Wednesday, December 12, 2007

Judicial Backlog : Focus on the Madras High Court, and a stimulating suggestion

The huge backlog of cases in the Indian judiciary has often cropped up in posts and discussions on this blog. Recently, this post incidentally mentioned Chief Justice Balakrishnan's Law Day speech where he provided details of the latest statistics relating to cases pending before various levels of the judicial setup. Sriram Panchu, a leading light of the Madras High Court bar, has an op-ed in today's Hindu which begins by focusing on the CJI's speech, and the numbers cited there. He then focuses more closely on the statistics to make the point that the High Court of Madras "does seem to have received stepmotherly treatment." He goes on to assert that:

Whether one takes pendency or fresh institution of cases, absolute numbers or percentages, the Madras High Court is disadvantaged. The Court with the second largest caseload and the biggest influx of fresh cases has the least number of judges. Every Court in this country needs more judges, and the purpose of this piece is not that other courts do not deserve to have increases in judge strength. Instead, it is to underscore the position in a major High Court, which seems to have been overlooked for no appreciable reason.

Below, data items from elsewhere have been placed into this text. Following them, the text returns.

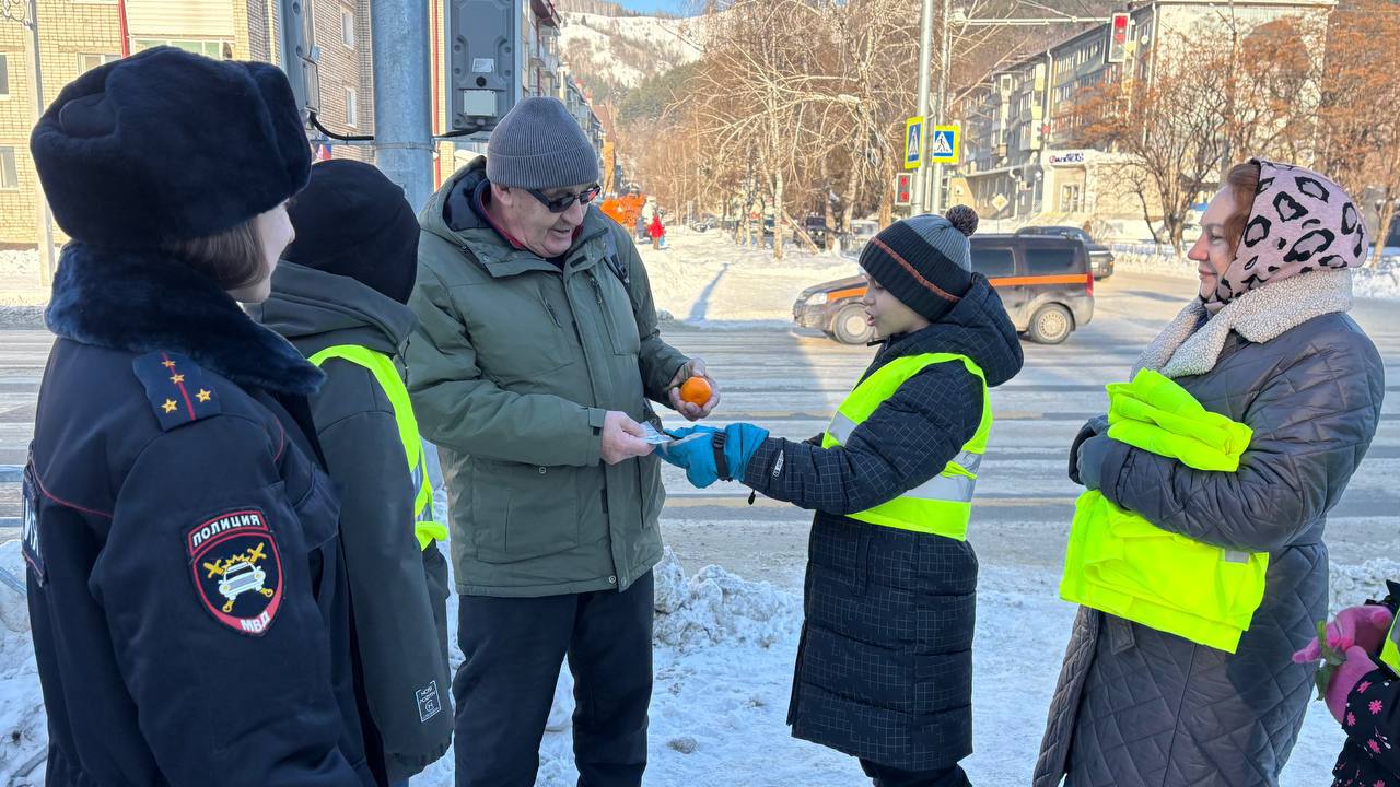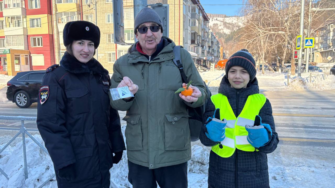 Вместо привычных разговоров о нарушениях горожане получали добрые пожелания, полезные советы и необычные подарки: световозвращающие брелоки и новогодние мандарины. Яркий брелок — это не просто сувенир, а реальный способ стать заметнее на дороге водителю. А сладкий фрукт создавал по-настоящему праздничное настроение.
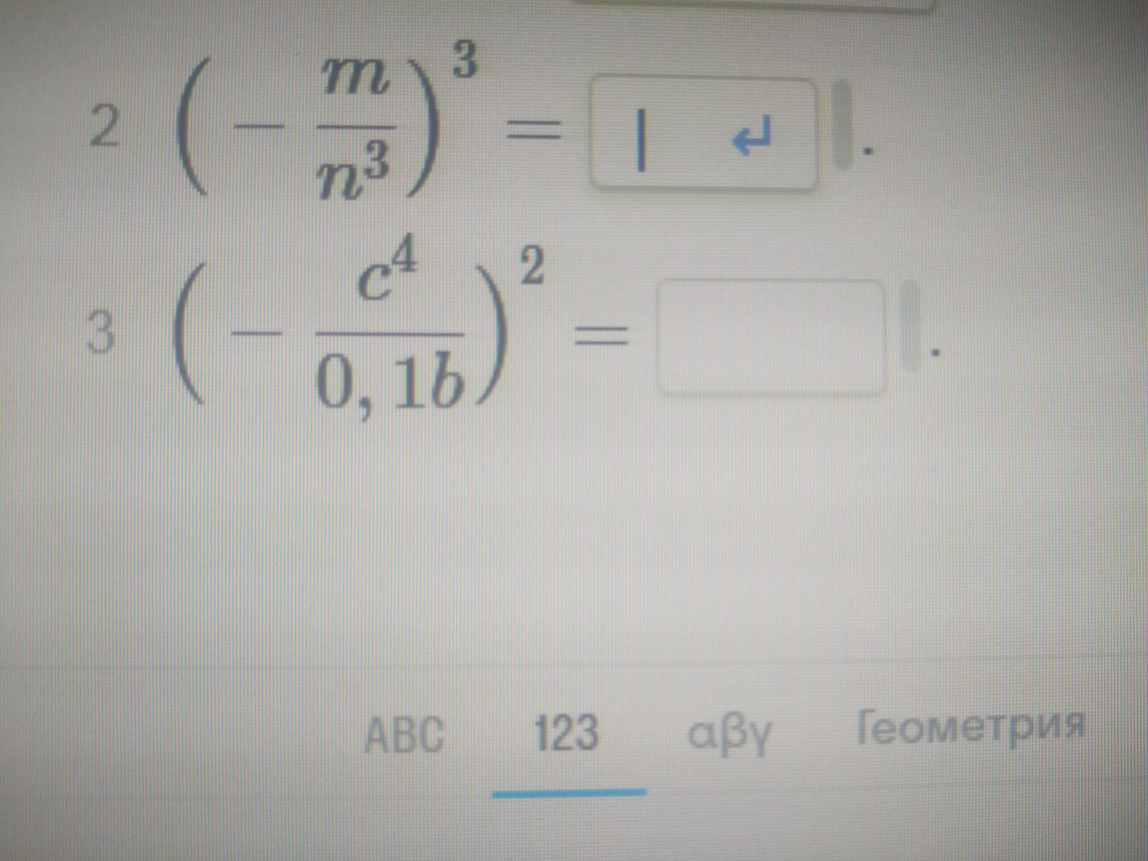 2)\;\;(-\frac{m}{n^3})^3=(-\frac{m^3}{n^9})\\\\3)\;\;(-\frac{c^4}{0.1b})^2=\frac{c^8}{0.01b^2}
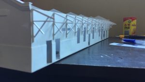 Para adornar as fachadas, usei camadas de estireno 0,30mm e 0,50mm sobrepostas. Isso deu efeito desejado de acabamento na borda da fachada, rente ao telhado.
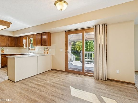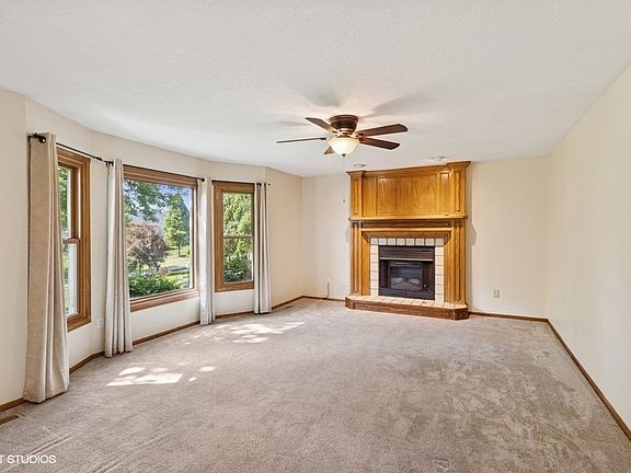 Spacious and well-maintained 4-bedroom two-story backing to a walking trail. You'll love the welcoming curb appeal with mature trees, established landscaping, and a charming front porch. The main level offers a flexible front room, large living room with fireplace and open kitchen and dining area with sliders leading to an oversized deck, perfect for enjoying the peaceful backyard. Upstairs, you'll find three generous bedrooms and two full baths, while the finished lower level adds great bonus space with a rec room, fourth bedroom, ¾ bath, and laundry area. Recent updates include driveway concrete leveling (2024) and a leaf-protection gutter system (2024) for low-maintenance living. Major system upgrades within the last 5-10 years include vinyl windows throughout the home, UV window tint on the main level for extra comfort, roof shingles, HVAC system, and flooring. A 3-car garage provides plenty of room for vehicles, storage, or hobbies. Move-in ready and conveniently located near trails, library, and grocery stores.
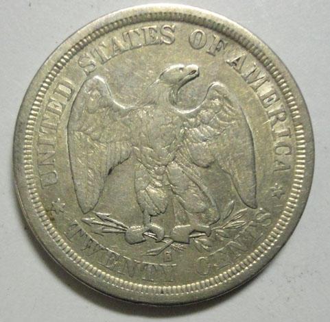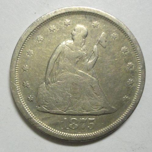 1875S twenty center F/VF. Typical XF reverse weak Liberty but VF strike obverse
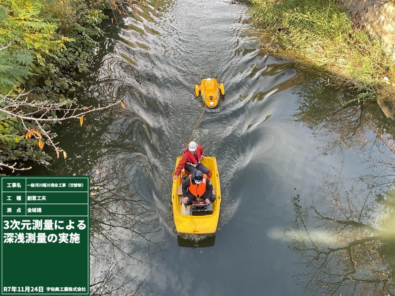 浚渫土量確認の為、ラジコン ボート にて
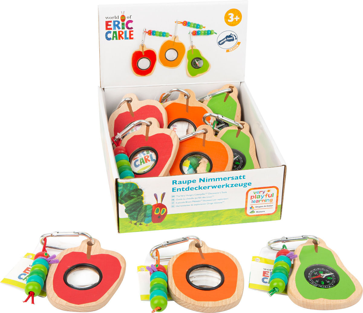 Werden Sie Forscher und entdecken Sie die Welt mit einem dieser Entdeckerwerkzeuge Caterpillar mit dem Motiv der hungrigen Raupe. Der Kompass zeigt an, in welche Richtung sich die jungen Forscher bewegen, während sie alles mit der Lupe beobachten. Dank des praktischen Karabiners kann es am Gürteletui oder Rucksack befestigt werden, sodass auf der Entdeckungsreise nichts verloren geht. Das niedliche Holzspielzeug ist ein absolutes Muss für jeden kleinen Entdecker und Pfadfinder. Hauptmerkmale: mit fröhlichem Motiv der hungrigen Raupe kann am Gürteletui oder Rucksack befestigt werden robustes Design
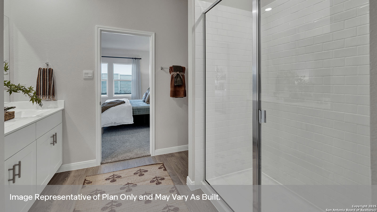 MOVE IN READY! EASY ACCESS TO I-35. Explore the Hanna, one of our two story floorplans available at Whisper South in San Marcos, Texas. This beautiful 2,034 square foot home has 4 bedrooms, 2.5 bathrooms, a gameroom and a 2 car garage. Our homes in Whisper South feature three-sided masonry exteriors. On the first floor of this new home, you'll find the main living space and primary bedroom ensuite. The kitchen, dining, and family room are an open concept layout, perfect for everyday living and entertaining. The kitchen features an island with undermount sink, quartz countertops, a pantry closet, 36" upper cabinets, and stainless-steel appliances, including a gas range. Enjoy the natural light from the side and rear windows. The oversized utility room is off the kitchen and connects to the garage, making it the ideal mud room. The primary bedroom ensuite is tucked away off the family room. Enjoy a peaceful start to your day in this space with the luxurious walk-in shower, double vanity with marble counter tops, private toilet area with a door, and a large walk-in closet. Climb the staircase to the second floor and enter the gameroom. This multi-use space can easily be transformed into an office or play area for the kids. Three additional bedrooms and one full bathroom complete the second story space. The upstairs bedrooms include closets with wood shelving and the upstairs bathroom includes a shower/tub combination and extra shelving for storage or decor. The Hanna includes vinyl flooring throughout the common areas of the home, and carpet in the bedrooms. All our new homes feature a covered back patio, full sod, irrigation system in the front and back yard, and a 6' privacy fence around the back yard. This home includes our America's Smart Home base package, which includes the Front Doorbell, Front Door Deadbolt Lock, Home Hub, Thermostat, and Deako Smart Switches.

The rest of the piece makes good on this theme by citing statistics, and discussing the implications of the staggering pendency for the functioning of the High Court of Madras. Towards the end, Panchu raises a more general point of policy:

This situation must cause us to rethink the present system under which courts are dependent on the executive for funds for their infrastructure and functioning. Governments have various priorities, and can always plead shortage of funds (which seem ready at hand for populist causes). Politicians and bureaucrats are often at the receiving end of court orders and censures, and can hardly be expected to be generous when sanctioning budgets for the judiciary. Isn’t it rather strange that ministerial berths can be created at the drop of a hat, but judicial posts are being sanctioned, and filled, slowly? We need a different, more independent method of evaluation of judicial needs and speedier responses. Perhaps a National Judicial Commission, whose birth is long awaited, can perform that role.

Panchu’s argument appears compelling, and though judges have often made calls for greater allocation of funds in the annual Union budget, the linking up of this issue with the National Judicial Commission appears to be a novel suggestion, and may well be worth considering seriously.